PROBLEM TO SOLVE — Each line of the data below goes into the copy exactly; pictures do not.

RECORDED INFORMATION —
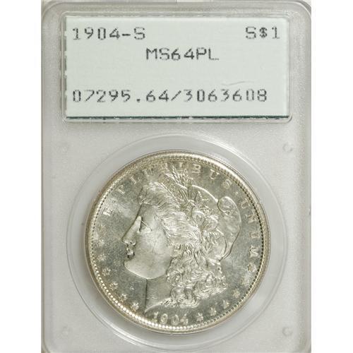 <B>1904-S S$1 MS64 Prooflike PCGS.</B></I> Moderate contrast is noted on each side, with deeply mirrored fields, and there are few singular abrasions noted on the brilliant surfaces. The strike on each side is typical for the issue. Certified in a first-generation small-size holder. PCGS has certified nine Prooflike coins in this grade, with three finer (3/07)<BR><BR><b>Shipping:</b> Coins & Currency (<a target="_blank" href="http://www.heritageauctions.com/common/shipping.php">view shipping information</a>)
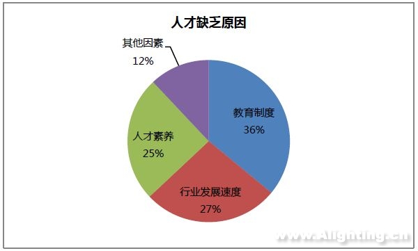 珠海韜播平板照明有限公司董事長姚懷舉認為LED照明行業(yè)高端專業(yè)技術(shù)人才嚴重不足,造成這種狀況的原因是中國產(chǎn)業(yè)在培養(yǎng)專業(yè)人才的投入和管理不足及技術(shù)人才缺乏深度鉆研的追求。從行業(yè)環(huán)境看,近幾年LED井噴式的發(fā)展,吸引了大規(guī)模資金和人員進入LED行業(yè),導(dǎo)致行業(yè)規(guī)模以及企業(yè)數(shù)量急速膨脹,人才的需求變了剛需,大量的崗位需要專業(yè)的人才才能完成。教育制度落后于行業(yè)發(fā)展速度,這是導(dǎo)致LED技術(shù)人才匱乏最重要的原因。
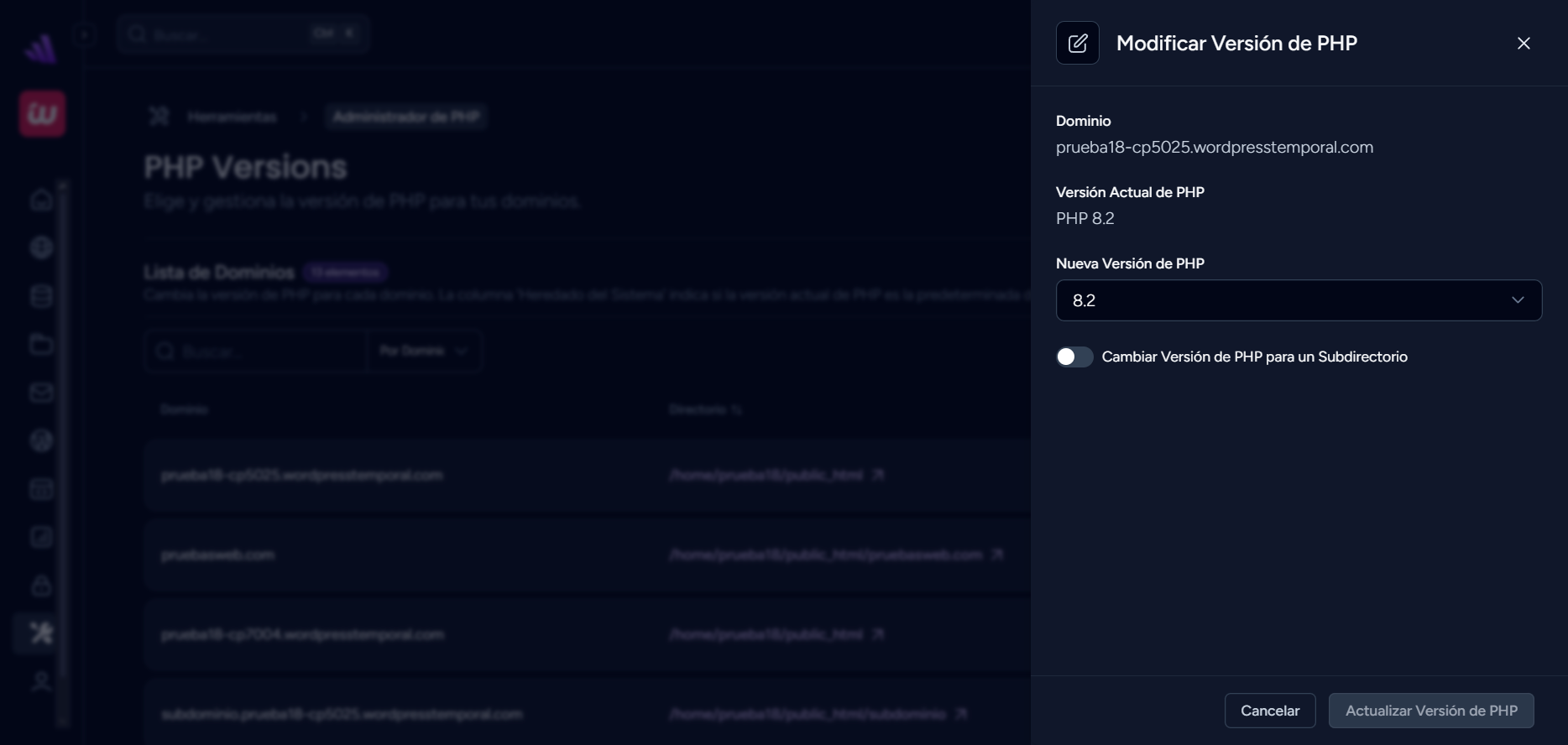 Por ejemplo, si necesitas cambiar la versión de PHP de una web, por requerimientos del núcleo de WordPress, de un plugin o para mejorar su rendimiento, verás en la siguiente animación que hacerlo es sencillo y rápido.
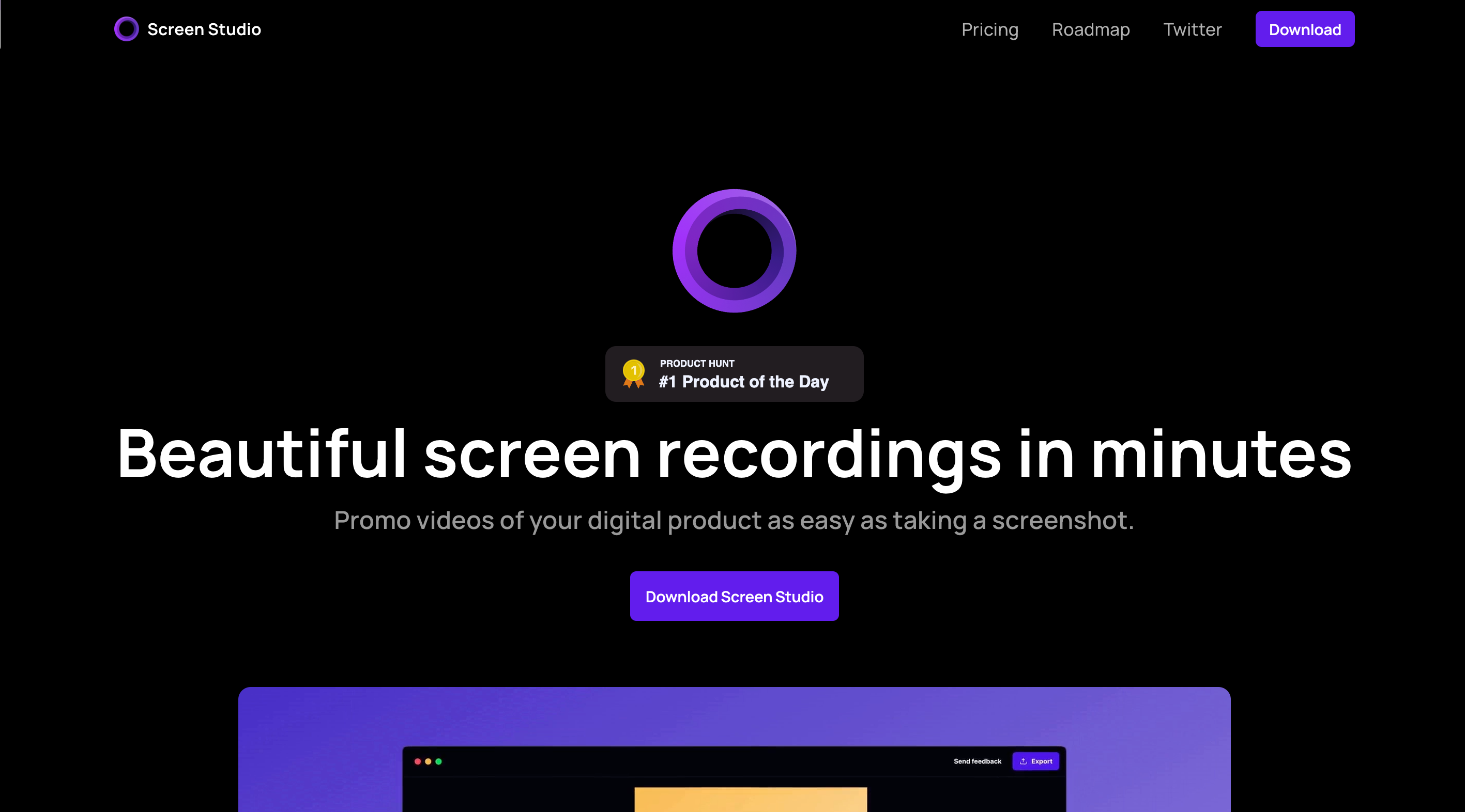 Beautiful screen recordings in minutes. Promo videos of your digital product as easy as taking a screenshot.

TASK SOLUTION —
 <B>1904-S S$1 MS64 Prooflike PCGS.</B></I> Moderate contrast is noted on each side, with deeply mirrored fields, and there are few singular abrasions noted on the brilliant surfaces. The strike on each side is typical for the issue. Certified in a first-generation small-size holder. PCGS has certified nine Prooflike coins in this grade, with three finer (3/07)<BR><BR><b>Shipping:</b> Coins & Currency (<a target="_blank" href="http://www.heritageauctions.com/common/shipping.php">view shipping information</a>)
 珠海韜播平板照明有限公司董事長姚懷舉認為LED照明行業(yè)高端專業(yè)技術(shù)人才嚴重不足,造成這種狀況的原因是中國產(chǎn)業(yè)在培養(yǎng)專業(yè)人才的投入和管理不足及技術(shù)人才缺乏深度鉆研的追求。從行業(yè)環(huán)境看,近幾年LED井噴式的發(fā)展,吸引了大規(guī)模資金和人員進入LED行業(yè),導(dǎo)致行業(yè)規(guī)模以及企業(yè)數(shù)量急速膨脹,人才的需求變了剛需,大量的崗位需要專業(yè)的人才才能完成。教育制度落后于行業(yè)發(fā)展速度,這是導(dǎo)致LED技術(shù)人才匱乏最重要的原因。
 Por ejemplo, si necesitas cambiar la versión de PHP de una web, por requerimientos del núcleo de WordPress, de un plugin o para mejorar su rendimiento, verás en la siguiente animación que hacerlo es sencillo y rápido.
 Beautiful screen recordings in minutes. Promo videos of your digital product as easy as taking a screenshot.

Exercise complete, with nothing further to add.